Items from a data source

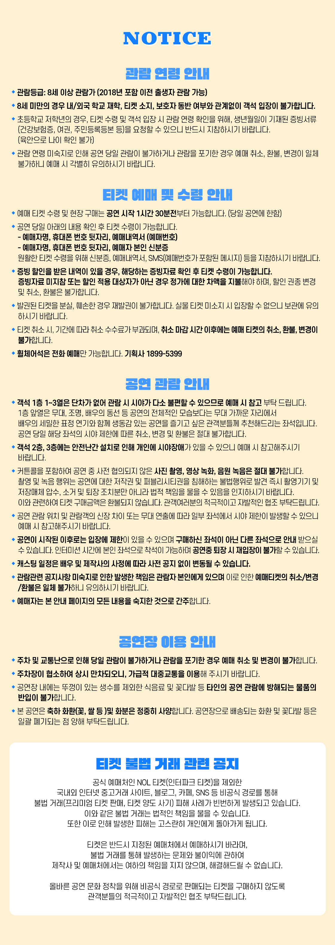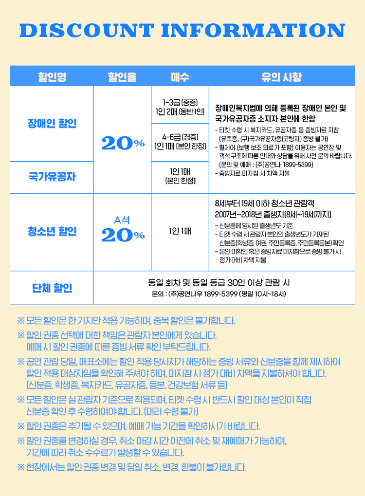- 예매 후 7일 이내 취소시 티켓 금액 전액이 환불됩니다.(예매 수수료 제외)
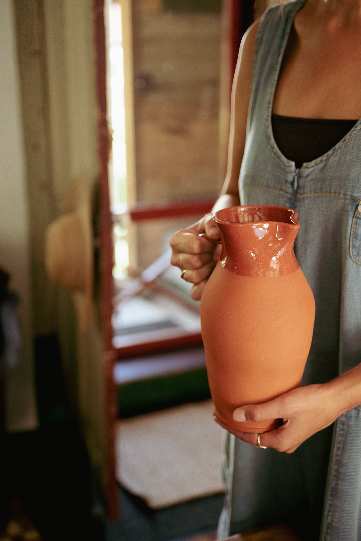 A striking pitcher with the sleek top and glazed interior, we love how the design merges a raw and glossy finish. This hand-thrown piece is traditionally found in local restaurants serving wine from large earthenware jars throughout the Iberian peninsula.
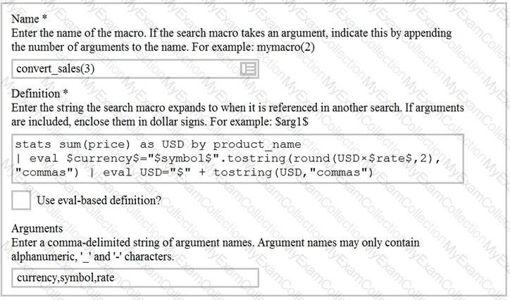 Based on the macro definition shown below, what is the correct way to execute the macro in a search string?
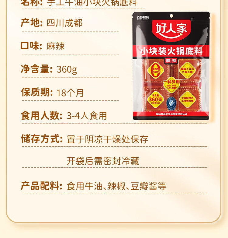 好人家小块装火锅底料麻辣味360g
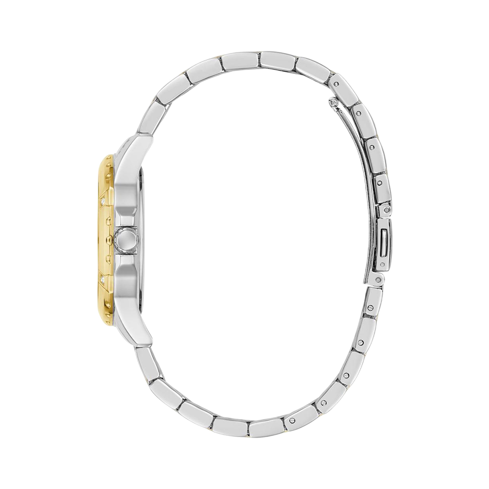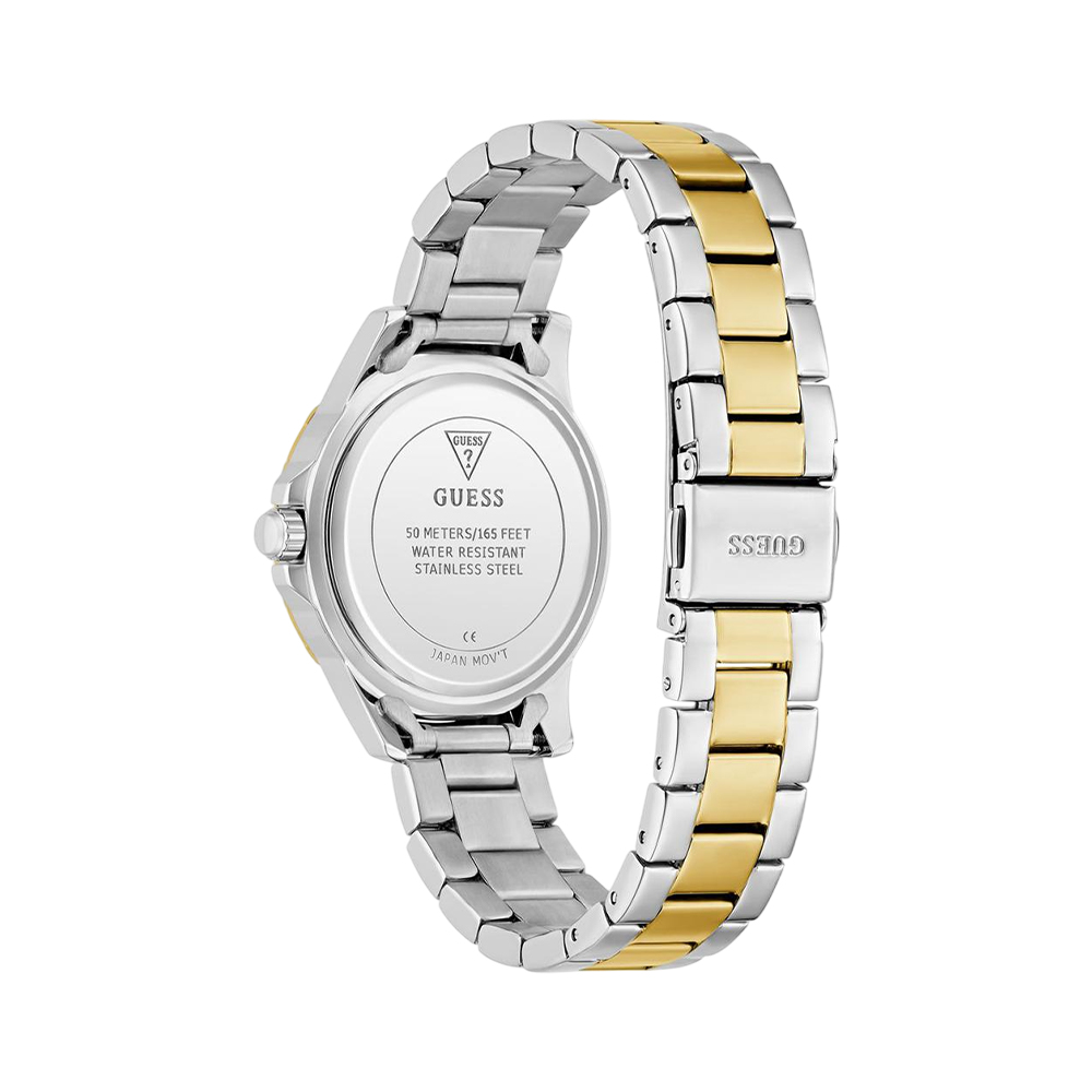 A chic and fashionable women's analog watch from GUESS, featuring a round, blue dial and a stylish two-toned stainless steel strap. With its vibrant color and durable construction, this timepiece offers a perfect blend of sportiness and elegance. It is equipped with quartz movement and is water-resistant, making it a versatile accessory for everyday wear or a unique accent for a statement look.
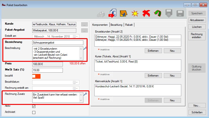 Es wird empfohlen, Bezeichnung und Beschreibung eines Paketes so zu formulieren, dass für den Kunden ersichtlich ist, was das Paket enthält. Bezeichnung, Beschreibung und Rechnung Zusatz können zur Formulierung des Textes für die Rechnungsposition verwendet werden.
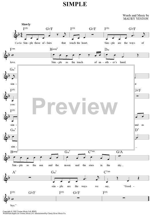 Digital Sheet Music for Simple by Maury Yeston scored for Lead Sheet; id:456921
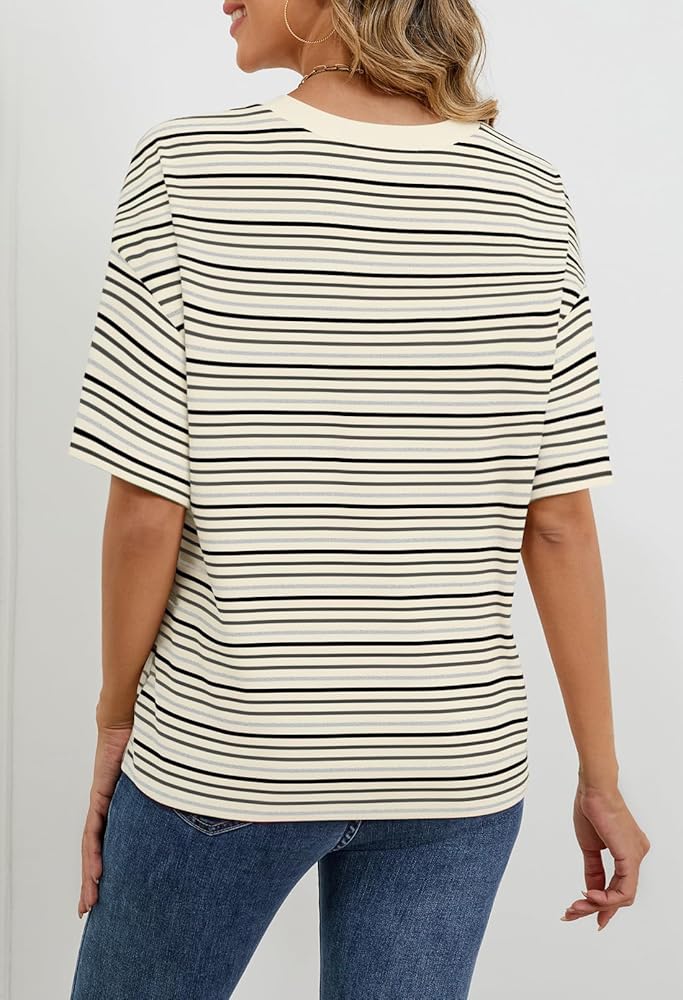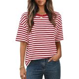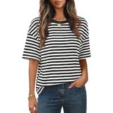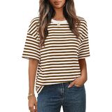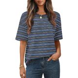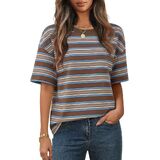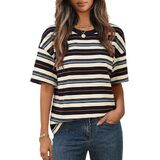 الميزات: تصميم شريط الألوان ، غلاف قصير ، رقبة الطاقم ، خط العنق المضلع ، ملاءمة فضفاضة ، قميص أزياء غير رسمي ، تي شيرت أساسية ، طراز لطيف ، قمم الصيف للنساء 2025 العصرية

— WHAT TO PRODUCE —
The answer must be an exact copy of the lines from the start of the records above through the line containing "好人家小块装火锅底料麻辣味360g", with no pictures in it.

— TASK OUTPUT —
- 예매 후 7일 이내 취소시 티켓 금액 전액이 환불됩니다.(예매 수수료 제외)
 A striking pitcher with the sleek top and glazed interior, we love how the design merges a raw and glossy finish. This hand-thrown piece is traditionally found in local restaurants serving wine from large earthenware jars throughout the Iberian peninsula.
 Based on the macro definition shown below, what is the correct way to execute the macro in a search string?
 好人家小块装火锅底料麻辣味360g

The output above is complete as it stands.